@jmcombs/pi-qwen-guard

Auto-enables strict incremental mode for Qwen 3.6 (Ollama) to prevent 'terminated' and streaming errors.

Packages

Package details

extension

Install @jmcombs/pi-qwen-guard from npm and Pi will load the resources declared by the package manifest.

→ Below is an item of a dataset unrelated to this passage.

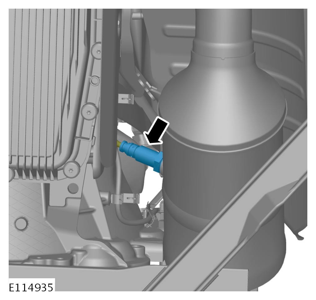 CAUTION: Make sure the catalyst monitor sensor wiring harness is not twisted more than 180 degrees and is not in contact with either the exhaust or driveshaft.

$ pi install npm:@jmcombs/pi-qwen-guard
Package
@jmcombs/pi-qwen-guard
Version
1.0.0
Published
May 31, 2026
Downloads
246/mo · 25/wk
Author
jmcombs
License
MIT
Types
extension
Size
8.3 KB
Dependencies
0 dependencies · 2 peers
Pi manifest JSON
{
  "image": "https://raw.githubusercontent.com/jmcombs/pi-extensions/main/assets/qwen-guard/preview.png",
  "extensions": [
    "./index.ts"
  ]
}

Security note

Pi packages can execute code and influence agent behavior. Review the source before installing third-party packages.

README

@jmcombs/pi-qwen-guard

Automatically detects Qwen 3.6 (or any Qwen model via Ollama) and injects strict incremental-mode rules to prevent "error: terminated" and "Stream ended without finish_reason".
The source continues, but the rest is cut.